WORK INSTRUCTIONS: Pictures in the records below must be left out. Return exactly the lines from the line with "(※参照 ベネッセコーポレーション小学生の習い事調査)" to the line with "AI Agent 能力,以智能经营决策,替代过去的经验主义。同时,帮助商家节省时间和人力成本,带来更优质素材下的商品转化增量。", both included.

INPUT DATA:
⟨
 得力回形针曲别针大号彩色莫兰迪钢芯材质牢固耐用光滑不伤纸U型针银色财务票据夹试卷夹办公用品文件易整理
⟩
⟨
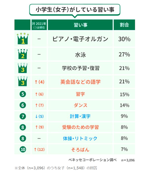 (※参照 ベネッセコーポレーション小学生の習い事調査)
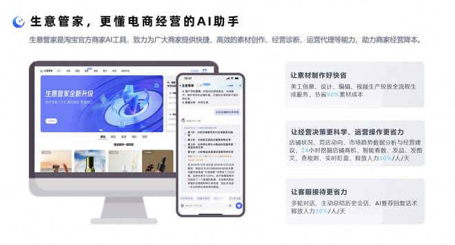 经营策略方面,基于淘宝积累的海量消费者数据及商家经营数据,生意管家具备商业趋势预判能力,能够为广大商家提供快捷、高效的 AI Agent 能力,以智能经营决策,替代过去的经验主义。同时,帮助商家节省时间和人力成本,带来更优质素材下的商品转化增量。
⟩
ANSWER FOR THE TASK:
 (※参照 ベネッセコーポレーション小学生の習い事調査)
 经营策略方面,基于淘宝积累的海量消费者数据及商家经营数据,生意管家具备商业趋势预判能力,能够为广大商家提供快捷、高效的 AI Agent 能力,以智能经营决策,替代过去的经验主义。同时,帮助商家节省时间和人力成本,带来更优质素材下的商品转化增量。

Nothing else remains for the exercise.